Dopo la morte di Camillo Benso conte di Cavour, il 6 giugno del 1861, il Regno d’Italia perdeva la guida
che l’aveva condotto verso l’Unità. L’assenza della sua visione unitaria e della sua competenza politica
lasciarono il governo italiano in una situazione di incertezza e instabilità. L’Italia non era ancora del tutto
unita: Veneto, Trentino e, soprattutto, Roma mancavano all’appello. Il Meridione era un focolaio di
rivolte, a causa dell’aumento delle tasse per risanare le spese delle guerre d’indipendenza e dell’introduzione
della leva obbligatoria.
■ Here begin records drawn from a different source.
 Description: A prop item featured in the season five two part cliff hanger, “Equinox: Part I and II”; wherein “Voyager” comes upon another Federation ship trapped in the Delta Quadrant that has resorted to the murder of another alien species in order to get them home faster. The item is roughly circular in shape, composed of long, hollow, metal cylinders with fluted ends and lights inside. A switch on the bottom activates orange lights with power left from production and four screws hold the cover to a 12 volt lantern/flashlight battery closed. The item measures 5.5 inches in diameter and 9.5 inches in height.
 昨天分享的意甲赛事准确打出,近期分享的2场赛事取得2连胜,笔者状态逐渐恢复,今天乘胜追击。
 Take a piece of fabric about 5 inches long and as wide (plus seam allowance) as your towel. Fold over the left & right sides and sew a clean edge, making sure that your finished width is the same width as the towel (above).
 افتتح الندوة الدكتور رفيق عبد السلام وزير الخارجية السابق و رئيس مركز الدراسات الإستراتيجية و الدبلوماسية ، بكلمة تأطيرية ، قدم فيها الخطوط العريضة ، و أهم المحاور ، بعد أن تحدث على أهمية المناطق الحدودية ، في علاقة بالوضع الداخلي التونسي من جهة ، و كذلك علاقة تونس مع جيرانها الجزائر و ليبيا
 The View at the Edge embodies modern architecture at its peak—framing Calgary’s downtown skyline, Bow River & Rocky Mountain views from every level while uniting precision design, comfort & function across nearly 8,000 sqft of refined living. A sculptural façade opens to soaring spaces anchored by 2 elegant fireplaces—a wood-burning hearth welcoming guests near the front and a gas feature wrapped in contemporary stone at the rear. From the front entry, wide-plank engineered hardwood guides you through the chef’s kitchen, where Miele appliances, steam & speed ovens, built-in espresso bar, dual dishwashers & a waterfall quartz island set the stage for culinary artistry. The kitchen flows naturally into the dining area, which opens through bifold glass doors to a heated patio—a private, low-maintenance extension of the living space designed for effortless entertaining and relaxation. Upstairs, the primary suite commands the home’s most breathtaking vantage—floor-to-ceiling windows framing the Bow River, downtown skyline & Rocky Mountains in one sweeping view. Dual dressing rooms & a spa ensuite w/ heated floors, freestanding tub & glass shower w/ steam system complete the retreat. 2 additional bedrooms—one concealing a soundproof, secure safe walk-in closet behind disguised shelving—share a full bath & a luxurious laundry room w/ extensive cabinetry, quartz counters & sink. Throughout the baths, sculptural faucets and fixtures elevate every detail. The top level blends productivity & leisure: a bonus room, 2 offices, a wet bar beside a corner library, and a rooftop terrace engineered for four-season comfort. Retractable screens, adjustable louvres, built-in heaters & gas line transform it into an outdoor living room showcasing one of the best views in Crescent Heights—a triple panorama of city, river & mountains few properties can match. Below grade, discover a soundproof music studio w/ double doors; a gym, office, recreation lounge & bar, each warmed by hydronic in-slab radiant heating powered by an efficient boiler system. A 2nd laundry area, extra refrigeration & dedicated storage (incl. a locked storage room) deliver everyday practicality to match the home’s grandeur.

Infine dalla possibilità di moti rivoluzionari anti-monarchici.

In questo contesto, quindi, la presa di Roma dipendeva da numerosi fattori e contingenze, che convinsero i
governi italiani a temporeggiare fino al 1870. I fattori che analizzeremo sono i legami diplomatici con il
Secondo impero francese, il timore della figura di Garibaldi, i primordi della questione meridionale e
l’intrinseco cattolicesimo del governo e dei reali italiani.
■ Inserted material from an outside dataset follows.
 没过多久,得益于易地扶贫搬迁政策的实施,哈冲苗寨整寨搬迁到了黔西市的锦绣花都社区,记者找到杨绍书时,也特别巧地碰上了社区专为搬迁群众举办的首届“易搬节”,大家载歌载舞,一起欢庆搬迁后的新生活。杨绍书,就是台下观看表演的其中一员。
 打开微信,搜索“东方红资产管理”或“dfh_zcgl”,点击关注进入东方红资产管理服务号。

I legami diplomatici (2 slide)

Il primo fattore riguardava i legami diplomatici con la Francia. Napoleone III era stato l’alleato
fondamentale di Cavour nel corso della Seconda guerra d’indipendenza. Solo grazie al suo non interventismo
l’esercito sabaudo era riuscito a conquistare le legazioni pontificie di Toscana, Emilia Romagna, Umbria,
Marche e Abruzzo.

Inoltre, per garantirsi il sostegno dei cattolici francesi, Napoleone III assunse il ruolo di protettore del papa:
in questo modo, il Regno d’Italia non avrebbe potuto attaccare Roma senza inimicarsi la Francia e
rischiare una guerra contro il potente alleato.

Garibaldi (3 slide)

Il secondo problema riguardava la presenza di Giuseppe Garibaldi e del suo esercito di volontari nel
Meridione. Nonostante la sua dimostrata fedeltà alla causa unitaria, i regnanti piemontesi ne temevano il
carisma e l’influenza che esercitava sugli italiani.
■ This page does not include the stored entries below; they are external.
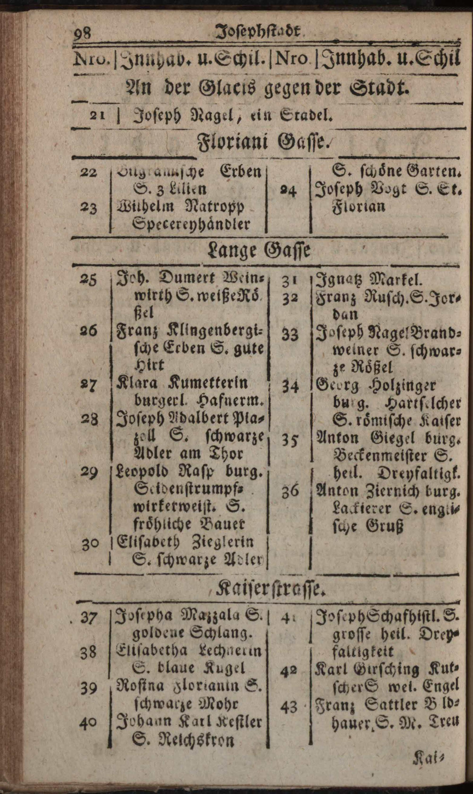 Verzeichniß der in der Kaiserl. Königl. Haupt- und Residenzstadt Wien, sammt dazu gehörigen Vorstädten und Gründen, befindlichen numerirten Häusern, derselben wahrhafte Eigenthümer, und deren Konditionen, nebst Schildern und Plätzen : Auf das genaueste nach denen Grund- und Konscriptions-Büchern entworfen / von Joseph Maximilian Fischer
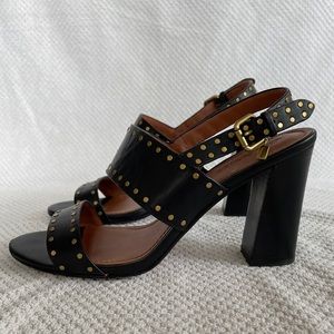 Gently loved black leather and brass detail sandals. In great condition with normal wear around toes - please see photos. Includes original box.
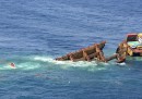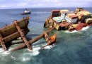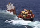 La parte posteriore della Rena sta scivolando sulla barriera corallina dov’è rimasta incagliata per tre mesi – a 23 chilometri dalla costa di Tauranga, in Nuova Zelanda – e sta affondando, rendendo ancora più complicati i tentativi di svuotare la nave cargo dal carburante e dai container a bordo ed evitare così quello che sarebbe uno dei peggiori disastri naturali della storia del Paese.
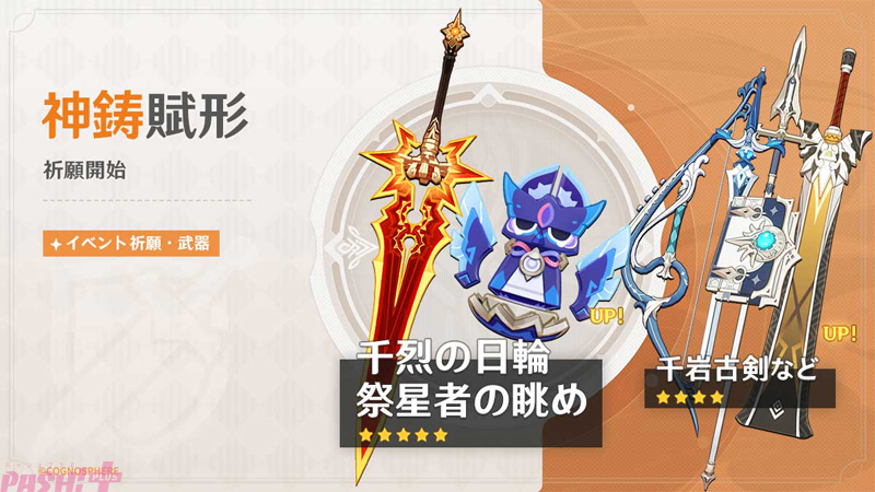 1月1日(水)アップデート後より、イベント祈願・武器「神鋳賦形」を開催しました。期間中、新★5武器「両手剣・千烈の日輪」、「法器・祭星者の眺め」などの出現確率が大幅にUPします。
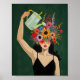 Cette impression d'art présente un tableau d'une femme qui a la tête recouverte de fleurs arrosant les fleurs qui poussent de son esprit contre un arrière - plan émeraude texturé profond.
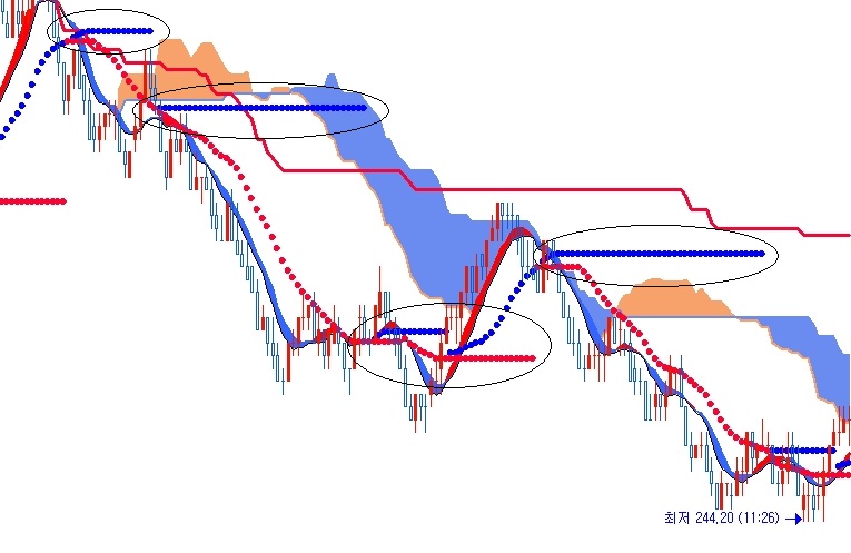 > 첨부파일처럼 이평선이 상승하다가 아래로꺽이거나 하락하다가 위로꺽이면
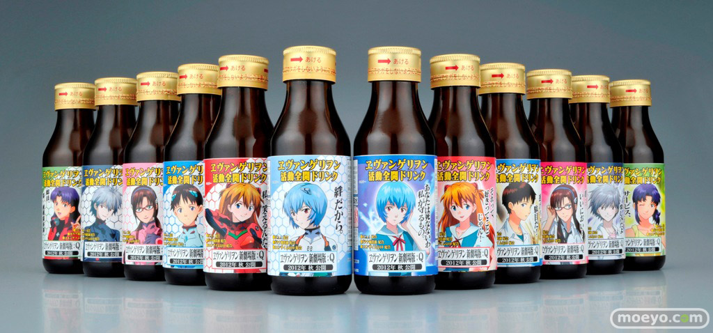 ■ 商品名:「ヱヴァンゲリヲン活動全開ドリンク(清涼飲料水)」 ■ 製造者:金陽製薬株式会社 ■ 商品サイズ:W45×H130×D45mm、重さ 230g ■ 内容量:100ml ■ 原材料名: 砂糖・異性化液糖、L-カルニチン、ガラナ抽出液、イチョウ葉抽出液、緑茶エキス、コエンザイムQ10、酸味料、香料、アスパラギン酸Na、リジン、グリシン、グルタミン酸Na、 保存料(安息香酸Na、パラオキシ安息香酸)、グリセリン、ロイシン、乳化剤、ビタミンB1、イソロイシン、バリン、ヘマトコッカス藻色素、ビタミンB6、ナイアシン、パントテン酸Ca、ビタミンB2、フェニルアラニン、トレオニン、葉酸、ビタミンE、ビタミンB12 ■ 価格:税込210円 ■ 発売:2011年12月14日~ |
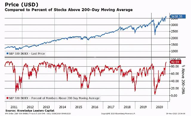 ⑤疯狂乐观还不仅限于期权市场,92.5%的标普500股票今交投在200日均线之上,超买水平为2014年来最高。
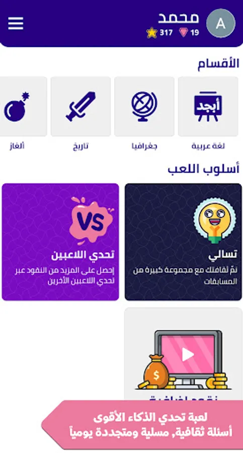 The questions in the competitions vary: cultural questions, scientific questions, questions that require intuitive speed, some of them require knowledge in a specific field, and some of them include various images and slogans, and there are also Islamic competitions, intelligence games, word games, arithmetic games and puzzles.

Per questo, ben due volte, i Savoia lo fermarono nella sua marcia verso la conquista di Roma.

Così, la chiusura del fronte nord-orientale convinse il governo italiano a fornire segretamente fondi e
armamenti a Garibaldi per attaccare Roma. La notizia della nuova spedizione garibaldina, però, arrivò
presto alla corte francese e Napoleone III, per evitare una crisi politica interna con le fazioni cattoliche,
ordinò lo sbarco di un corpo di spedizione francese a Civitavecchia, per difendere il papato dai volontari.

A questo punto, saputo della mobilitazione francese, il re Vittorio Emanuele II condannò la spedizione
garibaldina, declinando ogni tipo di coinvolgimento del Regno d’Italia nell’organizzazione della spedizione.
Così, lasciato nuovamente solo, Garibaldi venne sconfitto dalle truppe franco-pontificie a Mentana, alle porte
di Roma. Questo avvenimento contribuì a inasprire i rapporti tra i più forti sostenitori dell’unificazione
nazionale e Napoleone III e a gettare le basi per la campagna del 1870.

Questione meridionale ( 4 slide)

Terzo fattore fu la necessità di impiegare diversi corpi d’armata nel Meridione, per sedare i moti
insurrezionalisti e di brigantaggio che attraversarono quelle terre negli anni post unitari. Prima
l’imposizione della leva obbligatoria, mai istituita dai Borboni nel Regno delle Due Sicilie, e poi la
svalutazione della moneta e l’introduzione della tassa sul macinato, causarono violente rivolte e
costrinsero i Savoia a dirottare una consistente parte delle loro forze militari al Sud per mantenere il controllo
dei territori appena annessi.
Il cattolicesimo (5 slide)

In ultimo, il governo italiano e gli stessi reali erano innegabilmente di fede cattolica e fino all’ultimo
tentarono una risoluzione diplomatica della questione romana. Fino alla vigilia del 20 settembre 1870, gli
ambasciatori del Regno tentarono di convincere Pio IX a cedere Roma e il Lazio senza combattimenti e solo
il totale rifiuto del papa a qualunque resa pacifica portò finalmente alla battaglia.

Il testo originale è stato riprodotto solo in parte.